Aws-cli: aws s3 cp doesn't work with prefix

Created on 18 Aug 2015 · 37Comments · Source: aws/aws-cli

From a bucket containing millions of files, I want do download a few thousand based on their prefix.

Note: using --exclude "*" --include "myprefix" works, but is impractical since it lists all the files and applies the filter afterwards.

The problem is aws s3 cp adds a trailing "/" after the prefix I specify. In the example below you can see that logs/2015-08-17 becomes logs/2015-08-17/
This additional "/" leads to an empty result set, since the keys in the bucket have the form logs/YYYY-MM-DD-HH-MM-SS-RANDOM).

aws s3 cp s3://mybucket/logs/2015-08-17 . --recursive --dryrun --debug

2015-08-17 21:48:32,026 - MainThread - awscli.clidriver - DEBUG - CLI version: aws-cli/1.7.27 Python/2.7.6 Linux/3.14.13-c9, botocore version: 0.108.0
2015-08-17 21:48:32,026 - MainThread - awscli.clidriver - DEBUG - Arguments entered to CLI: ['s3', 'cp', 's3://mybucket/logs/2015-08-17', '.', '--recursive', '--dryrun', '--debug']
....
2015-08-17 21:48:32,088 - MainThread - botocore.endpoint - DEBUG - Making request for (verify_ssl=True) with params: {'query_string': {u'prefix': u'logs/2015-08-17/', u'encoding-type': 'url'}, 'headers': {}, 'url_path': u'/mybucket', 'body': '', 'method': u'GET'}

feature-request pneeds-review s3 s3filters

Source

fabiocesari

👍26 ❤4

Most helpful comment

@kyleknap @JordonPhillips @jamesls can we get some help closing this out?

ralph-tice on 17 Nov 2016

👍12

All 37 comments

The current CLI "aws s3 cp" behavior (coincidentally?) complies with the "cp" behavior. We will need to think whether or how to support the use case you mentioned.

rayluo on 19 Aug 2015

+1 This issue bit me today.

What is the reason/use case for adding a trailing slash?

I would like to filter on a partial prefix that does not correspond to a "directory". I was able to work around this by using bash to filter the files and piping it back to aws cp.

geota on 22 Sep 2015

@fabiocesari @geota

We do read the exclude/include rules literally, and do not add the '/' to the end. To do what you want to do, you need to add a * to the end of the partial prefix, which means match all characters after. So a combination like --exclude '*' --include 'myprefix*' should work.

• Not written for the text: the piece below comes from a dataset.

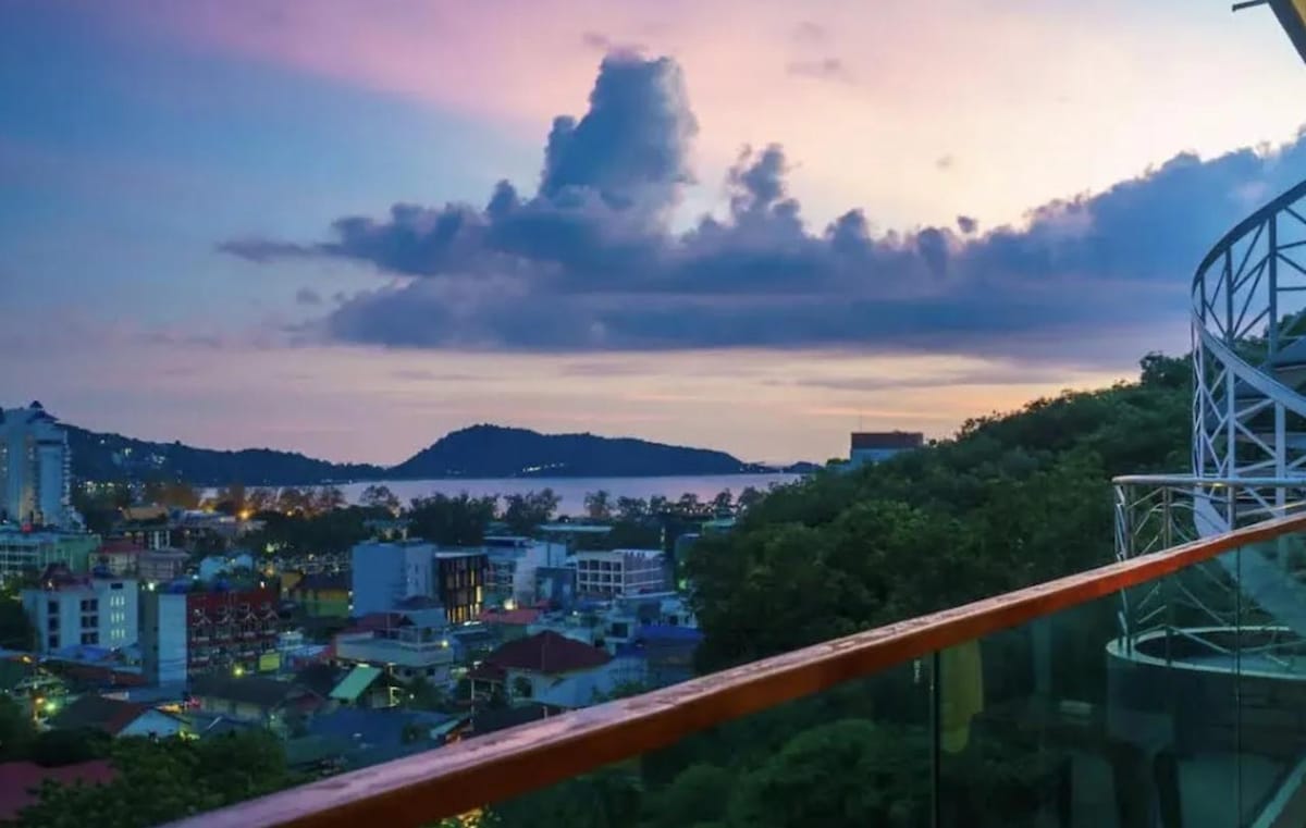 Vue imprenable sur l'océan de Patong depuis un appartement en résidence au sommet d'une colline, Phuket

Let me know if you have any more questions.

kyleknap on 22 Sep 2015

@kyleknap please read my previous post. The trailing slash is clearly added when the python code places calls to the S3 API (see the debug transcript), and using the wildcards is impractical because they are applied after all files are listed, which results in thousands of unnecessary calls.

fabiocesari on 23 Sep 2015

👍3

emmekappa on 23 Sep 2015

👎1

@fabiocesari I see what you're saying. It looks like the --recursive is the heart of the issue. We're assuming that when the flag is set, the s3 path is intended to be a directory. As you've demonstrated, this is not always the intent.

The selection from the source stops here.